The spine is a flexible column formed of a plurality of bones called vertebrae. The vertebrae are hollow and stack one upon the other, forming a strong hollow column for support of the cranium and trunk. The hollow core of the spine houses and protects the nerves of the spinal cord. The different vertebrae are connected to one another by means of articular processes, ligaments, and intervertebral, fibrocartilaginous bodies known as disks. Various spinal disorders may cause the spine to become misaligned, curved, and/or twisted or result in fractured and/or compressed vertebrae. It is often necessary to surgically correct these spinal disorders.
The spine includes seven cervical (neck) vertebrae, twelve thoracic (chest) vertebrae, five lumbar (lower back) vertebrae, and the fused vertebrae in the sacrum and coccyx that help to form the hip region. While the shapes of individual vertebrae differ among these regions, each is essentially a short hollow shaft containing the bundle of nerves known as the spinal cord. Individual nerves, such as those carrying messages to the arms or legs, enter and exit the spinal cord through gaps between vertebrae. The spine is held upright through the work of the back muscles, which are attached to the vertebrae.
The spinal disks act as shock absorbers, cushioning the spine, and preventing individual bones from contacting each other. Disks also help to hold the vertebrae together. The weight of the upper body is transferred through the spine to the hips and the legs. Disks may degenerate, herniated, bulge, or burst and impinge on the nerves between the vertebrae causing pain.
While the normal spine has no side-to-side curve, it does have a series of front-to-back curves, giving it a gentle “S” shape. If the proper shaping and/or curvature are not present due to scoliosis, neuromuscular disease, cerebral palsy, or other disorder, it may be necessary to straighten or adjust the spine into a proper curvature. Generally the correct curvature is obtained by manipulating the vertebrae into their proper position and securing that position with a rigid system of screws, rods, intervertebral spaces, and/or plates. The various components of the system may be surgically inserted through open or minimally invasive surgeries. The components may also be inserted through various approaches to the spine including anterior, lateral, and posterior approaches and others in between.

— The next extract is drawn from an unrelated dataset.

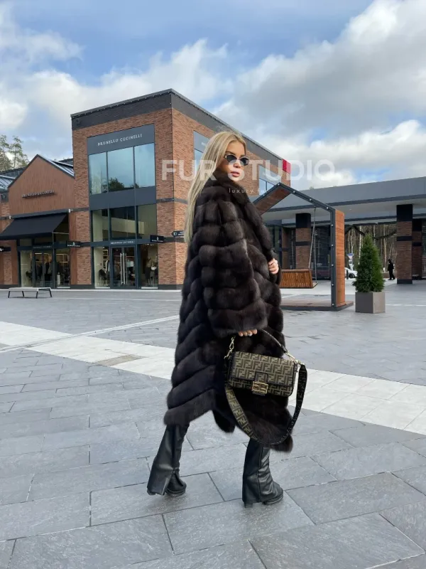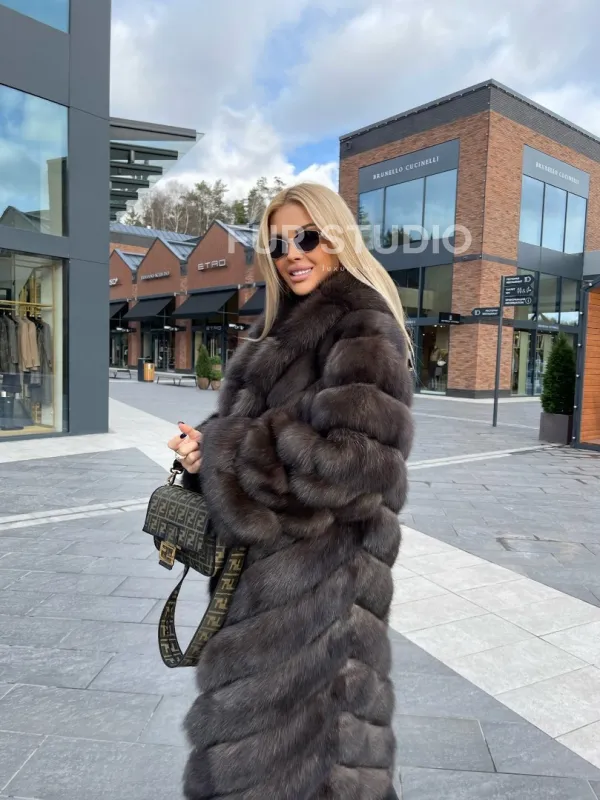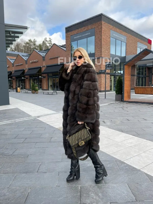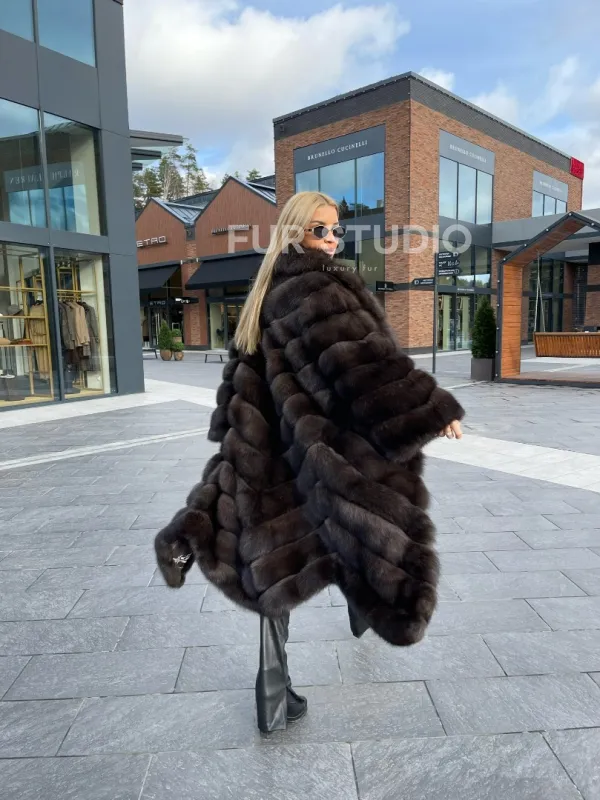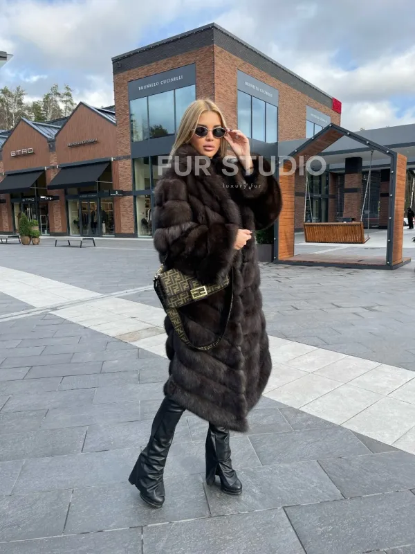Воротник шаль согреет шею в непогоду и подчеркнет ее изгибы. Широкие рукава делают акцент на тонкости кистей. Изделие отлично сочетается с классикой, стилем casual, подойдет под вечерний look. В модели вы будете выглядеть дорого и лаконично. Купить шубу из меха соболя воротник шаль – стоящее вложение в себя, в такой верхней одежде вы постоянно будете ловить восхищенные взгляды.

Certain spinal conditions, including a fracture of a vertebra and a herniated disc, indicate treatment by spinal immobilization. Several systems of spinal joint immobilization are known, including surgical fusion and the attachment of pins and bone plates to the affected vertebras. Known systems include screws having proximal heads and threaded shafts that may be inserted into at least two spaced-apart vertebras. The screws may receive fixation rods to stabilize the spine during fusion.
Some screws may be expandable in order to enhance stability within the vertebra, for example when the vertebra suffers from degeneration, osteoporosis, and other conditions that cause the bone to become brittle. These expandable bone screws may allow bone ingrowth through expanded cells of the screw. In some instances such as revision surgeries, it may be necessary to remove the expanded screw. However, once the bone becomes mineralized, it reduces the ability of the expanded cells to collapse back to the base diameter of the screw.